What is the intended purpose of those photos, lisa? What will they be applied as, or used for? Are they plain and simple promo photos, for general handout? Or to illustrate an article about the band in a magazine? Or on a website? Or is it for the sleeve of their CD? With only 2 of the band members?


----------



## lisa_13 (May 29, 2008)

the band doesnt have any real, good photos of themselves to post on their myspace, website etc. two of their members have gone home until september, which is why only two of them will be there. they just want some photos of the band (or in this case 1/2 the band) to post on their site/promote themselves


----------



## Alfred D. (May 29, 2008)

lisa_13 said:


> the band doesnt have any real, good photos of themselves to post on their myspace, website etc. two of their members have gone home until september, which is why only two of them will be there. they just want some photos of the band (or in this case 1/2 the band) to post on their site/promote themselves



Wait! Then someone also needs to do a session, later, with the other 2 members: different light, different style, different mood. Well, _different_ photos really. I'm not sure how well they will fit/match with the photos of the first session for a tight presentation.

Can't that second session be with all four together?


----------



## Village Idiot (May 30, 2008)

It really doesn't make sense to shoot two of the band members unless you're doing individual shots or they're kicking the other two guys out.

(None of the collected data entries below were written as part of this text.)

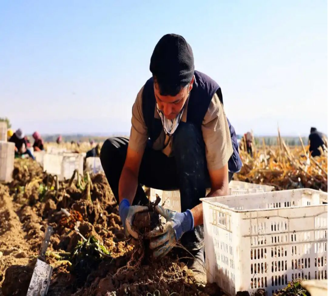 金秋时节,硕果飘香。在温泉县查干屯格乡的 2000 多亩魔芋种植基地里,成片的魔芋植株郁郁葱葱、长势喜人,饱满的魔芋球茎静静埋藏在肥沃土壤里,等待采收,处处洋溢着丰收的喜悦。连日来,种植户们趁着晴朗天气,在田间忙着开挖、分拣、搬运魔芋,田间地头随处可见他们忙碌的身影,丰收的喜悦在每个人的脸上绽放。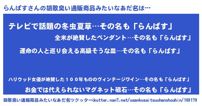 | 意味不明あだ名 | 『らんばすフォーエバー』『自称らんばす』 |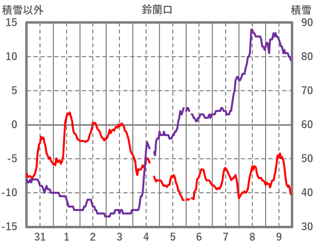| 日 | 時 | 気温 | 降水 | 風向/風速 | 日照 | 積雪 | 降雪 |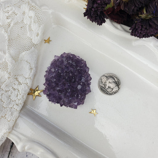 This Uruguay Amethyst Stalactite Rose is approximately 2 1/4" wide 3/4" thick. It has a flat polished bottom. Click here to see all Amethyst Roses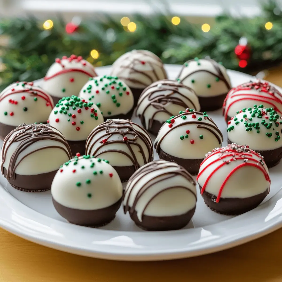 - Drizzle melted semisweet chocolate over each truffle and sprinkle with holiday sprinkles.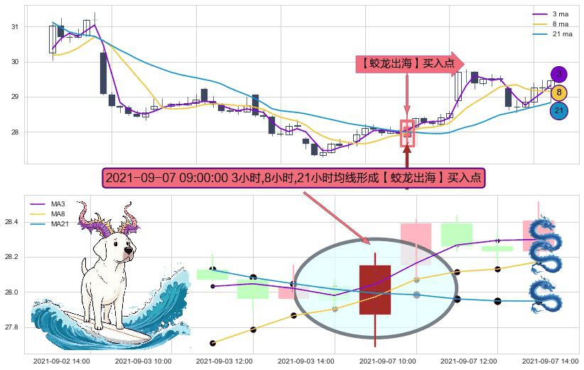 ⚀ 2021-09-07 09:00:00小时显现 3小时-8小时-21小时均线 【蛟龙出海】买入点 看多信号,后市看涨,买入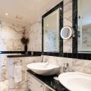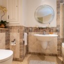 The master bedrooms features direct terrace access, and both it and the other bedroom (with a nice balcony open to the view) feature private, en suite bathroom done up with marble and offering whirlpool tubs.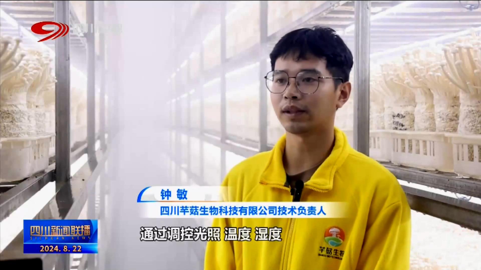 四川芊菇生物科技有限公司技術(shù)負(fù)責(zé)人 鐘敏:通過調(diào)控光照、溫度、濕度以及二氧化碳濃度等生長條件,保證了每一個菌包能順暢呼吸、均勻出菇。目前每個月都有60到70噸海鮮菇發(fā)往越南銷售。
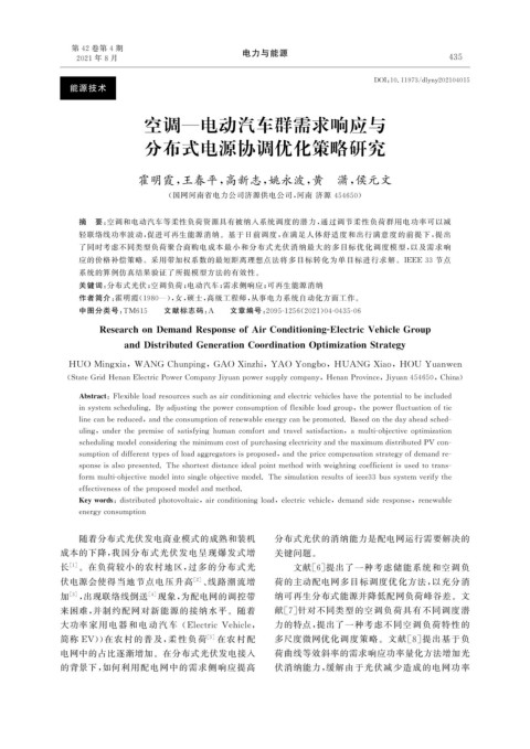 关键词: 分布式光伏; 空调负荷; 电动汽车; 需求侧响应; 可再生能源消纳

If you're shooting outside, at least pick up a reflector of some sort.


----------



## lisa_13 (May 30, 2008)

ill most likely be doing individual shots, as well as a few group shots. and when the other members return, we're doing another shoot.


----------



## lolo (Jun 11, 2008)

I have done a few amateur shoots for my friends who are in (or trying to be in) the music business, to use for albums and promotions, etc, and they turned out to be pretty successful for the most part. I'd say for bands try lots of different angles, shooting from below upwards or from above creates some cool angles. We too did the shoot just wandering around Chicago... you come across some cool things that you wouldn't necessarily think of ahead of time, and poses and ideas will just pop into your head. Just take a lot and see what turns out! Good luck!


----------